In June 1997, Ms. Erika Miller registered a complaint with the Morgantown, West Virginia, police department regarding harassing telephone calls allegedly made by the Appellant.2 In the course of the investigation into the telephone calls, Ms. Miller informed the police that the Appellant had been her teacher in the sixth and ninth grades and had traded better grades for sexual favors in 1989 and 1990, including fondling, oral sex, and intercourse. During the investigation, Ms. Miller also informed the police that the Appellant had similarly induced other female students to perform sexual acts in exchange for more favorable grades during the same general time period.3

At trial, Ms. Miller testified that the Appellant, while serving as her teacher in the sixth and ninth grades, had expressed his love for her and had informed her that she could improve her grades by meeting him after class. Ms. Miller testified that, during her ninth grade year in 1989 and 1990, she and the Appellant occasionally drove around Morgantown in the Appellant's vehicle as he collected payments for the Dominion Post newspaper. Ms. Miller testified that the Appellant fondled her in November 1989 while she and the Appellant were sitting in the Appellant's vehicle copying answers from written keys to tests. Ms. Miller further testified that the Appellant placed his hand on her breast area and forced Ms. Miller to touch and rub his penis. She testified that the Appellant subsequently unzipped his pants, pushed her seat back, got on top of Ms. Miller, and began to push his penis against her. She explained that he thereafter inserted a finger into her vagina and warned her not to tell anyone about the incidents.

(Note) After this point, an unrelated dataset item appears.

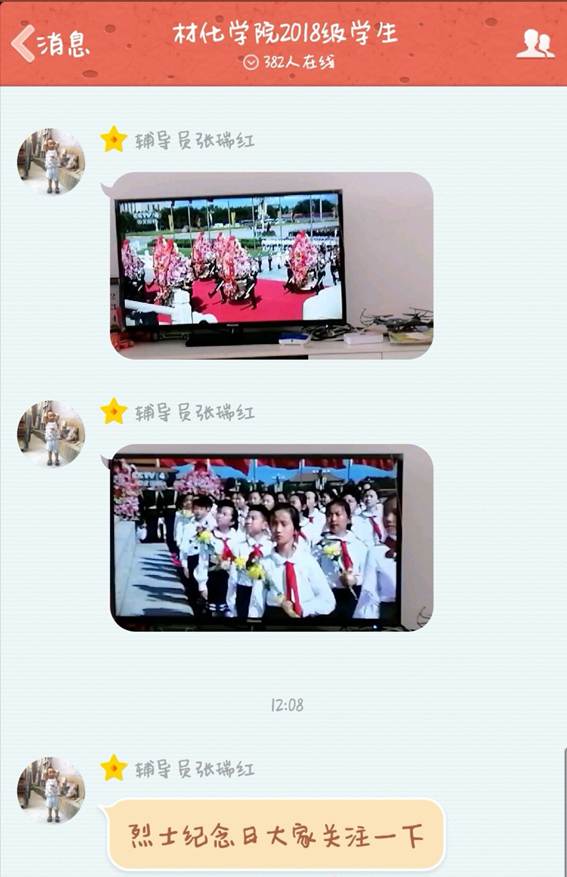 今天是2018年9月30日,是我国第五个烈士纪念日。关于烈士纪念日最新资讯小黄书 辅导员张瑞红老师利用网络社交平台及时与2018级全体学生分享了中央新闻视频。

Ms. Miller also testified regarding an incident of oral sex in September 1989, including an incident in which the Appellant requested oral sex from both Ms. Miller and another young woman, Ms. Betty Barefoot. Ms. Miller explained that the Appellant caused her to perform oral sex on him in February 1990 and again in April or May 1990.

Ms. Betty Barefoot testified that she had occasionally ridden home with the Appellant and Ms. Miller while in junior high school in 1989 and 1990. Ms. Barefoot stated that the Appellant once unlocked a school building, escorted Ms. Barefoot and Ms. Miller to a small room, and requested that they both perform oral sex on the Appellant. Ms. Barefoot testified that she declined to perform the act, but that she witnessed Ms. Miller performing oral sex on the Appellant. Ms. Barefoot also testified that she and Ms. Miller would take turns sitting up front in the Appellant's automobile. The Appellant would touch the breast and crotch areas of the girl sitting up front and would require the girl to touch his penis. Ms. Brenda Frum testified that she was in a third or fourth grade class taught by the Appellant in 1976. She testified that she had become ill while on the playground and that she requested permission from the Appellant to go inside and telephone her mother. She testified that the Appellant had suggested that she would feel better if she went inside and put her head down. She complied, and the Appellant later joined her in the school. She testified that the Appellant began rubbing her shoulders, playing with her hair, and moving his hands in a down and forward motion on her chest. She testified that she had become uncomfortable and had asked again to telephone her mother. The Appellant indicated to her that what he was doing would make her feel better. He also advised her not to tell anyone about the incident because she would get into trouble. She further explained that he continued to hug her throughout the school year for getting good grades.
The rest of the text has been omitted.